Ах, как мне хотелось уйти! У меня не было ни малейшего желания заводить с ним дружбу. Эта черная борода, эти крупные зубы! Люпус – вот какая кличка ему бы подошла, если только «люпус» и в самом деле значит «волк».

– К тому времени, как выйдете отсюда, будете выкуривать штук по шестьдесят в день, – пообещал он мне, с гадкой улыбкой выпустив струю дыма (ну и воняет у тебя изо рта. Винсент!).

Я огляделась, надеясь, что Майк придет мне на помощь, но его нигде не было видно.

Изо всех сил стараясь не показаться грубой, я все-таки повернулась к Винсенту спиной и очутилась лицом к лицу с безумным Кларенсом. Из огня да в полымя! Хоть я и опасалась, что он снова начнет гладить меня по голове, но все-таки заговорила с ним.

Вдруг мне пришла в голову мысль, что я здесь уже целый день, а про наркотики не вспомнила ни разу. Это вызвало у меня теплое и приятное чувство, которое длилось до тех пор, пока я не побеседовала последовательно со всеми собравшимися в комнате. Разговоры были похожи один на другой, как близнецы. Каждый норовил припереть меня к стенке и выведать обо мне все. Именно так вели себя все, кроме того симпатичного молодого человека, которого я заприметила в столовой за ланчем. С ним-то и хотелось поговорить, но он не обращал на меня ни малейшего внимания. Если честно, то его и в комнате-то не было.
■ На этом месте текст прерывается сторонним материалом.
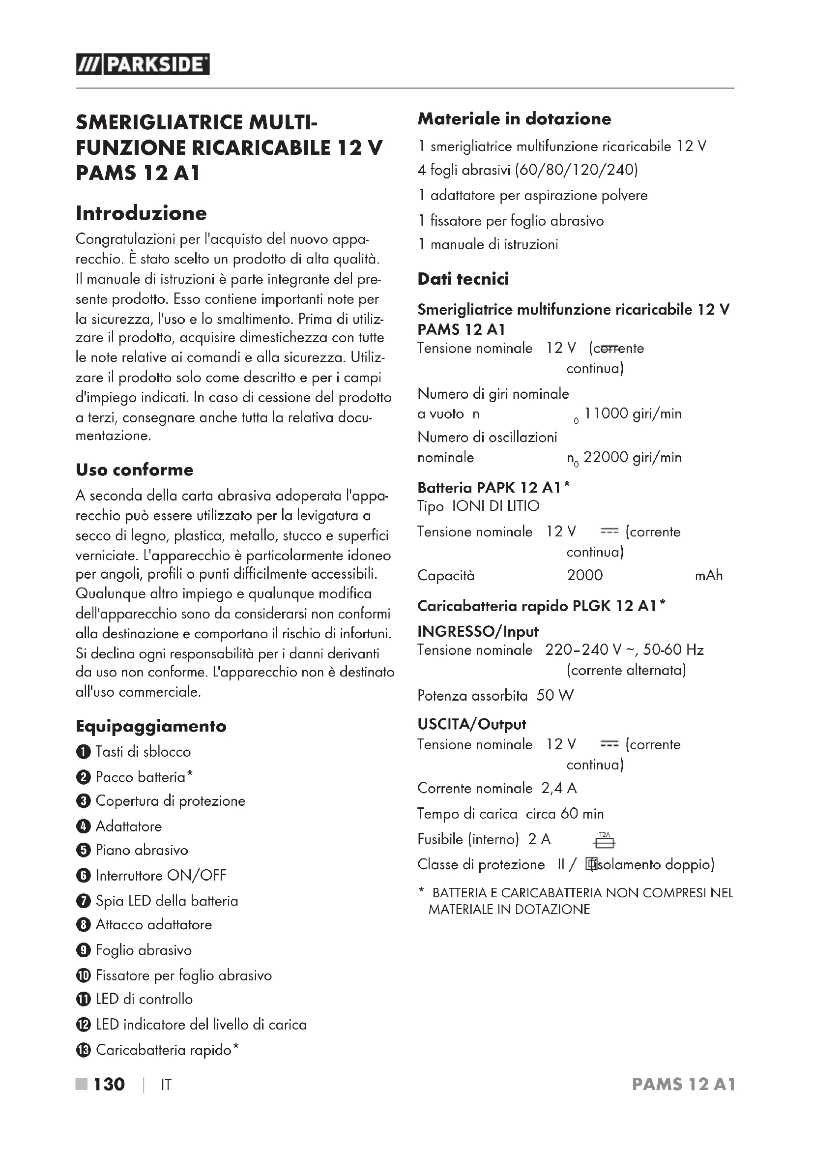 PAMS 12 A1 Introduzione Congratulazioni per l'acquisto del nuovo appa- recchio. È stato scelto un prodotto di alta qualità. Il manuale di istruzioni è parte integrante del pre- sente prodotto. Esso contiene importanti note per la sicurezza, l'uso e lo smaltimento. Prima di utiliz- zare il prodotto, acquisire dimestichezza con tutte le note relative ai comandi e alla sicurezza. Utiliz- zare il prodotto solo come descritto e per i campi d'impiego indicati. In caso di cessione del prodotto a terzi, consegnare anche tutta la relativa docu- mentazione. Uso conforme A seconda della carta abrasiva adoperata l'appa- recchio può essere utilizzato per la levigatura a secco di legno, plastica, metallo, stucco e superfici verniciate. L'apparecchio è particolarmente idoneo per angoli, profili o punti difficilmente accessibili. Qualunque altro impiego e qualunque modifica dell'apparecchio sono da considerarsi non conformi alla destinazione e comportano il rischio di infortuni. Si declina ogni responsabilità per i danni derivanti da uso non conforme. L'apparecchio non è destinato all'uso commerciale. Equipaggiamento 1 Tasti di sblocco 2 Pacco batteria* 3 Copertura di protezione 4 Adattatore 5 Piano abrasivo 6 Interruttore ON/OFF 7 Spia LED della batteria 8 Attacco adattatore 9 Foglio abrasivo 0 Fissatore per foglio abrasivo q LED di controllo w LED indicatore del livello di carica e Caricabatteria rapido* Materiale in dotazione 1 smerigliatrice multifunzione ricaricabile 12 V 4 fogli abrasivi (60/80/120/240) 1 adattatore per aspirazione polvere 1 fissatore per foglio abrasivo 1 manuale di istruzioni Dati tecnici Smerigliatrice multifunzione ricaricabile 12 V PAMS 12 A1 Tensione nominale 12 V (corrente continua) Numero di giri nominale a vuoto n

За пару часов я рассказала свою краткую биографию бессчетное количество раз. Она звучала примерно так: «Меня зовут Рейчел. Мне двадцать семь лет. Нет, я не страдаю анорексией, но спасибо за комплимент, я польщена. Нет, я не всегда была такая высокая. Когда я родилась, я была несколько пониже. Последние два с половиной года жила в Нью-Йорке. А еще бывала в Праге…»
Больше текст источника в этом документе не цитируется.